Anna T. Sadlier (1854 – April 16, 1932) was a Canadian writer whose novels were of a Catholic nature, and whose works numbered over forty volumes. She began to write when she was about eighteen. Her published works include a number of translations from the French, Italian, and Spanish.

==Early life and education==
Anna Teresa (sometimes "Theresa") Sadlier was born in Montreal, Canada, 1854. Her father was James Sadlier and her mother was Mary Anne Sadlier.

Her education was received at various schools in that city, and completed at the Villa Maria, the principal Convent of the Congregation of Notre Dame of Montreal.

==Career==
Like her mother, she spent about equal portions of her life in New York City and Montreal. She was a frequent contributor in prose and verse to most of the U.S. Catholic periodicals as well as to some English and Canadian ones. She wrote a great many short stories. One of her earliest literary ventures was Seven Years and Mair, a novelette published by the Harpers in their "Half Hour Series". Her principal original published works were Names that Live and Women of Catholicity, two volumes of biography. Sadlier spent a lot of time on these and they possessed a historical point of view. In two of the sketches which were distinctively American, she drew largely from The Jesuit Relations and the Memoirs of Père Olier, and she had the advantage of access to the annals of the Ursulines of Quebec and of the Congregation of Notre Dame of Montreal.

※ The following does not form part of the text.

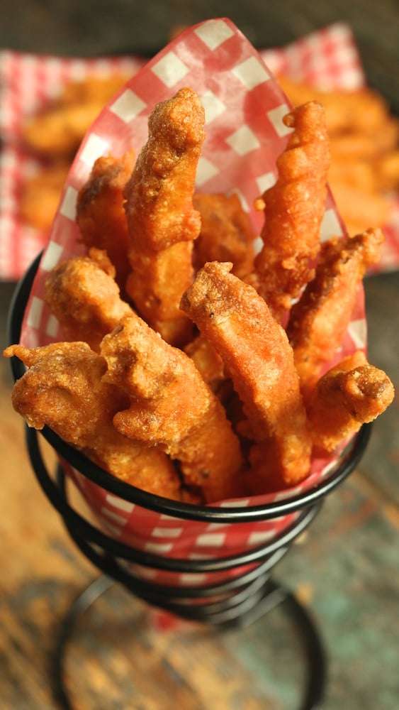 Homemade french fries dipped in cajun spiced beer batter twice so that they're extra crispy.

Among her other original works are two stirring historical romances, The Red Inn of St. Lyphar, which finds its plot and its adventures in the days of the French Revolution and the Rising of La Vendee; and The True Story of Master Gerard, in which the background is provided by Colonial New York and the Leisler conspiracy.

Perhaps Sadlier's best work was accomplished in juvenile fiction. In The Mysterious Doorway and The mystery of Hornby Hall, she provided, as the titles imply, a mystery, while the children in The Talisman and A Summer at Woodville are lifelike, interesting, lovable youngsters, and the heroine of Pauline Archer is a Catholic cousin of Rebecca of Sunnybrook Farm. Her other books are Ethel Hamilton and The King's Page.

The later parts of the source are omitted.